__WORK REQUIRED__
An image-free reproduction of the data below is needed: print it exactly.

__RECORD EXCERPTS__
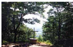
$350 Support to Lutheran Camps
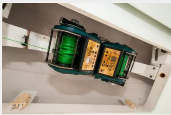
Viking 65 Convertible Teaser Reels
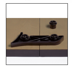
Ganging Device (all tables) allows tables to be mechanically connected without requiring tools and stows securely when not in use.
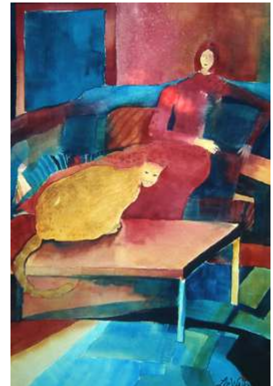
Liz Walker, Portland Sofa Seat No. 5 , 26 x 20, $700
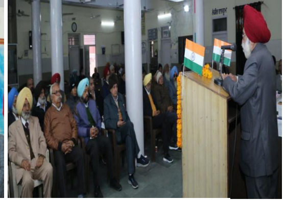
Republic Day by SCC, Rajpura
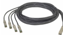
40GBASE-CR4 to 4x 10GBASE-CR Copper Cable

__ANSWER BOX__
$350 Support to Lutheran Camps
Viking 65 Convertible Teaser Reels
Ganging Device (all tables) allows tables to be mechanically connected without requiring tools and stows securely when not in use.
Liz Walker, Portland Sofa Seat No. 5 , 26 x 20, $700
Republic Day by SCC, Rajpura
40GBASE-CR4 to 4x 10GBASE-CR Copper Cable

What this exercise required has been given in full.